Now microstepping is at play. 1/8 microstepping has less incremental torque than 1/2 microstep so you could say the 3.6 mH value at 100RPM will be higher and probably on-par with the other motor.

Much higher RPM values makes the difference much larger.

All that being said, I did some tests awhile back (Z Axis Acceleration Tuning) and found that 2 similar motors (269 oz-in and 270 oz-in) when used on my linear Z had a 15 ipm difference in their max rate value.

What does it all mean? Essentially get what you want and is cheaper because at our speeds, it doesn’t really matter. I’m just an engineer that likes the theory and for $3 more per motor got the lower inductance one.

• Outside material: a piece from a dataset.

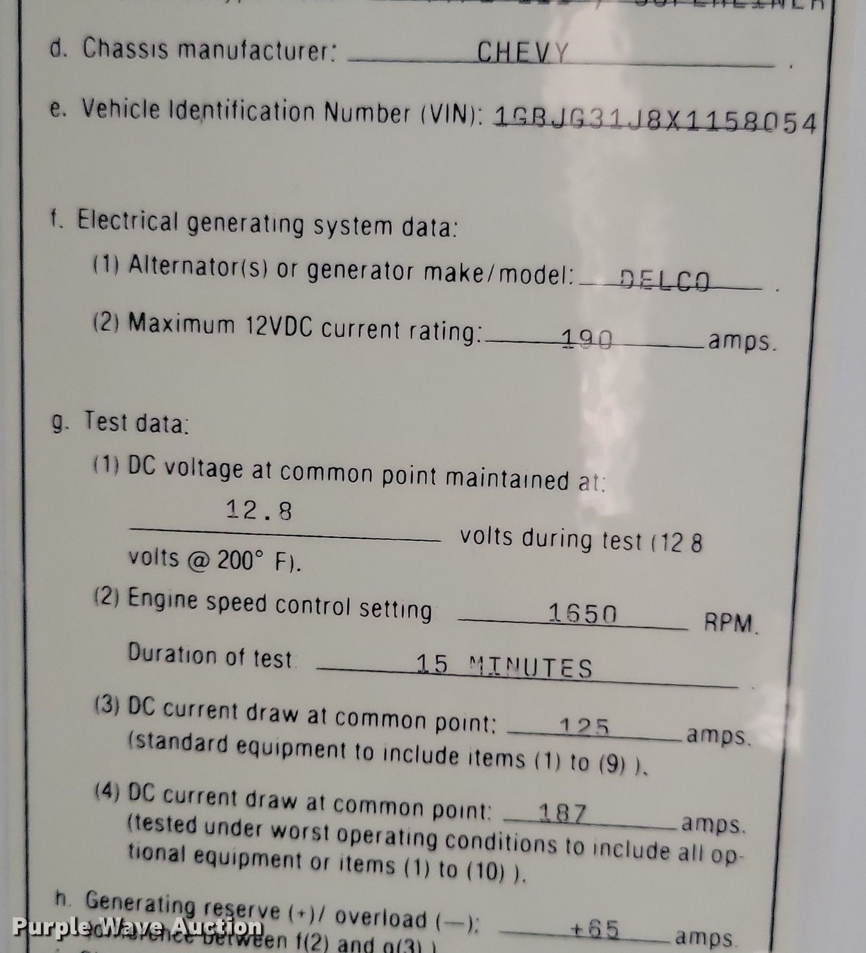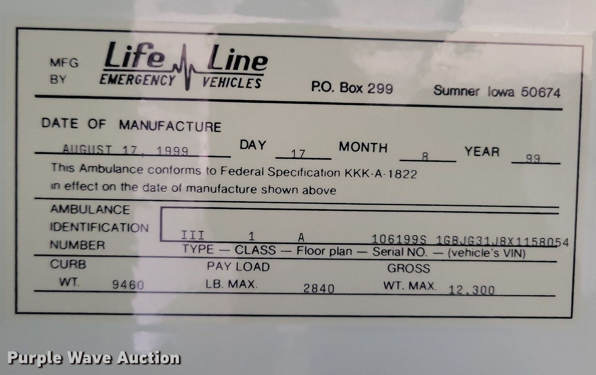 Purple Wave is selling a used Fire Truck or Emergency Vehicle in Iowa. This item is a 1999 Chevrolet Express 3500 ambulance with the following: Miles: 33,964 on odometer, VIN: 1GBJG31J8X1158054

Majority of Xcarve users won’t go over 60 ipm so most don’t need to worry so does a 3.6 vs 5.4 mH actually matter? And we’re only talking the X and Y at those RPMs.

At speeds 120+ ipm, then it starts to matter more and not to mention, based on the tests I did for a Z axis, it def can matter there.

And it’s all theory and not real world.

I’ve had great success with my 3.6 mH 270 oz-in motors and a warm fuzzy that it is ideally better.

I’m an engineer. I like to know the math and what should happen and then do whatever I want as long as it works and ignore what analysis says should happen.


Make sure the ones you get are not over the current capacity of the controller.
I have bought a 290 oz-in one and its fine for the controller I use. I bought it because I was having issues with the X axis as I have a heavy spindle on it. Its about 9lbs which is more than the router. Also I had some extra deflection from the dust collection hose as its adds a bit of tension. Below is the link to the one I purchased

Thanks everyone for their feedback on this.

@StephenCook as far as not going over the current capacity, that actually seems difficult to do with any reasonably sized (for an X-Carve) stepper. The X-Controller is rated at 4A per phase and most steppers that I have seen and considered at are 3A or less. But, still, good to remember.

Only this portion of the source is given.